Medical EducationThink of the amount of formal medical education required to become a medical doctor in the 21st century. Got that in your mind? Now contrast that with what was required in the middle 1800s in America. What a difference!

With the demand for doctors spurred on by the Revolutionary War, medical education in our newly established country forged ahead with the establishment of what were called proprietary medical schools. Founded by doctors and run for profit, these schools had only the bare necessities: a building, desks, maybe some charts of human anatomy, and possibly a skeleton and a few miscellaneous specimens. Students were taught primarily through lecture and memorization.

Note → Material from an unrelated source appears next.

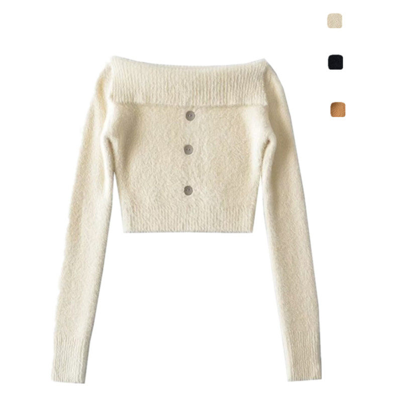 Ретро сексуальный приталенный трикотажный свитер, открытые плечи
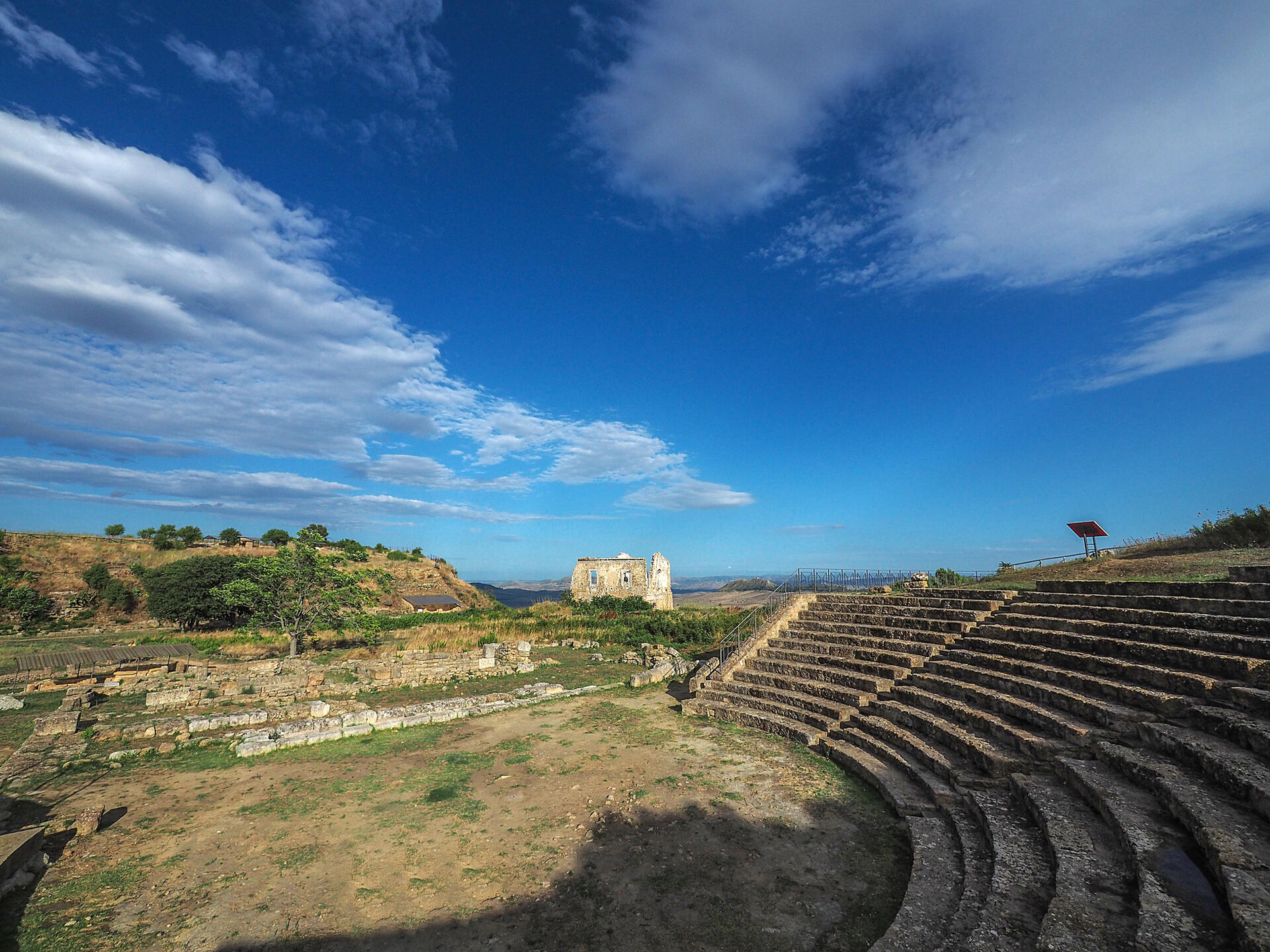 Passiamo poi al Parco archeologico di Morgantina, ad Aidone (EN). Morgantina è un caso raro in Sicilia di città abbandonata (la vita finisce nel I sec. d. C.) che non ha subito tutte quelle trasformazioni dovute alle sovrapposizioni storiche. La città è ancora in corso di scavo, ma è visitabile l’area pubblica con monumenti di età ellenistica, in particolare lo splendido teatro, una serie di case più o meno ricche e importanti edifici termali, ben precedenti a quelli noti nel mondo romano. Per una conoscenza più completa della storia di questa misteriosa località abbandonata, occorre fare tappa al Museo archeologico di Aidone: qui, al percorso informativo sul sito, negli anni si sono aggiunti diversi capolavori rientrati da importanti musei internazionali: come la coppia di Acroliti di epoca arcaica (teste, mani, piedi in marmo di un gruppo di Demetra e Kre); e l’imponente statua di Dea della fine del V sec. a. C.; il tesoro di argenti ellenistici; la testa di Ade in terracotta policroma del IV sec. a.C.

Entrance requirements for these schools were almost nonexistent. Many of the students had less than a high school education, and some were even functionally illiterate. As long as a student paid his tuition, he was almost always awarded a degree, whether he regularly attended lectures or not, for an equivalent of one year of study. Young men often enrolled without any real understanding of the profession, being attracted mainly by the promise of “an easy road to wealth.” (The irony was that the only physicians who made a decent living from medicine in the 19th century were those who were educated in medical schools attached to universities and who practiced in large cities where there were wealthy clients. See the previous post: “Who Pays the Doctor?”)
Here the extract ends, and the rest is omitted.